This piece was originally published in Grist and appears here as part of our Climate Desk Partnership.
Over the years, Phillips 66 and Cenovus Energy, the companies that own the Wood River Refinery in Roxana, Illinois, have been sued by both the state and federal government for polluting the air and discharging toxic wastewater into the Mississippi River. In 2018, they settled one such lawsuit, agreeing to spend about $10 million to upgrade and monitor the refinery’s leaky vents, as well as an additional $500,000 to clean up low-income homes and buildings contaminated by lead in nearby counties where young children and pregnant women may have been exposed. The upgrades were designed to protect residents in Roxana, who had lived in the shadow of the refinery and been exposed to toxic emissions from the plant for years.
But just a year after a district court judge signed off on the agreement, the company recently notified the Environmental Protection Agency (EPA) and other agencies involved in the settlement that it had suspended all work on the lead abatement program. In fact, it may not be able to comply with many of the terms in the agreement, it wrote to the agencies. The reason? The COVID-19 pandemic.
“The idea of delaying lead abatement is concerning because people are spending more time at home, so they’re getting more exposure.”
“The idea of delaying lead abatement is concerning because people are spending more time at home, so they’re getting more exposure [to lead],” said Debbie Chizewer, managing attorney at the environmental nonprofit Earthjustice’s Midwest office in Chicago.
Over the past two decades, the EPA has entered into hundreds of consent decrees with local municipalities and polluting businesses across the country. These court-approved settlement agreements require them to do things like conduct routine inspections, install equipment to capture air pollutants, and clean spills and leaks. Often the settlements include million-dollar penalties and “supplemental projects” to clean up and prevent contamination.
But consent decrees also typically include so-called “force majeure” clauses, which allow parties to avoid penalties for being unable to fulfill their obligations due to unforeseeable circumstances. This could be a natural disaster—or, say, a global pandemic.
With government-ordered shutdowns the norm as the novel coronavirus ravages the country, many of those cities and businesses are now looking to “force majeure” provisions in their consent decrees and asking the EPA and Department of Justice (DOJ) for leniency when evaluating whether they’ve violated their terms.
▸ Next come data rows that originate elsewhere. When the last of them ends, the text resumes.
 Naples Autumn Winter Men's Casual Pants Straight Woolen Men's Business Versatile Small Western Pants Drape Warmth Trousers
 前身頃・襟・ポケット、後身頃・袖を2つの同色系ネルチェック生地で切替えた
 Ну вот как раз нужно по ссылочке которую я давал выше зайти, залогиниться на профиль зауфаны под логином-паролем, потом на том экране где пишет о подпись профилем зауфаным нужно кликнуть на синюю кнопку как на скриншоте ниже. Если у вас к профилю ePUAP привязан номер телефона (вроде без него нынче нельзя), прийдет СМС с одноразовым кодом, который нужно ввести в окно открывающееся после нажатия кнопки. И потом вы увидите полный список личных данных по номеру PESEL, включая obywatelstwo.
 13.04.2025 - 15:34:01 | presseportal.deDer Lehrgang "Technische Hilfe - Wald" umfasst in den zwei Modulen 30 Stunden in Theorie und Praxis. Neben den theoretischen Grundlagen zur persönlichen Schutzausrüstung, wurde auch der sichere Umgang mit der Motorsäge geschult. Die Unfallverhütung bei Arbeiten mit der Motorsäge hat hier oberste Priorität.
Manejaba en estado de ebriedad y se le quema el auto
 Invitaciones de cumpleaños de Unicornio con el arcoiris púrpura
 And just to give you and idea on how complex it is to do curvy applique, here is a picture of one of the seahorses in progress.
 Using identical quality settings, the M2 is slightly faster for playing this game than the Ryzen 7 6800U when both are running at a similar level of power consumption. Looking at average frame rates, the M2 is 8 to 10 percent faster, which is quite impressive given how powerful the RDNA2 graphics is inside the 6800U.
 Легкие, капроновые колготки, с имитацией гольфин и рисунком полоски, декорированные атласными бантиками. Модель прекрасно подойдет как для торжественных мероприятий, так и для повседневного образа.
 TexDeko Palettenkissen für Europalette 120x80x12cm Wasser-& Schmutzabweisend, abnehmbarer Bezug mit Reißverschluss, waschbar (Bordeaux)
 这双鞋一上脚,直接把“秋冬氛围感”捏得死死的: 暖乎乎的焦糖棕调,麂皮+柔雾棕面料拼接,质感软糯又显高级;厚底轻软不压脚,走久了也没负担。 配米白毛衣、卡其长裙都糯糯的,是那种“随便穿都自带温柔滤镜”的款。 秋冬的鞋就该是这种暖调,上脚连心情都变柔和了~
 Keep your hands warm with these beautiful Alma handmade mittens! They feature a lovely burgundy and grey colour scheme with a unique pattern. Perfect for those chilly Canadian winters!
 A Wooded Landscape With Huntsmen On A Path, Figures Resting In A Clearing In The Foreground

Grist obtained two such requests to the EPA, one from Phillips 66 and another from the city of Dallas, through open records requests.
While experts agree that the COVID-19 pandemic unquestionably qualifies as a force majeure event, they’re worried that unscrupulous polluters may use it as an excuse to avoid complying with the agreements, even when they’re able to.
Those polluters may feel that they have an ally in the EPA. The agency’s enforcement discretion policy, released on March 26, was widely criticized by environmental and public health advocates for broad language that appeared to imply that businesses did not have to comply with a number of reporting and compliance requirements during the pandemic. The policy specifically addresses consent decrees, stating that “EPA staff will coordinate with DOJ to exercise enforcement discretion with regard to stipulated penalties for … routine compliance obligations.” Those obligations, the agency said, included monitoring, testing, and sampling for any number of air and water pollutants, as well as laboratory analysis, training, and certification obligations.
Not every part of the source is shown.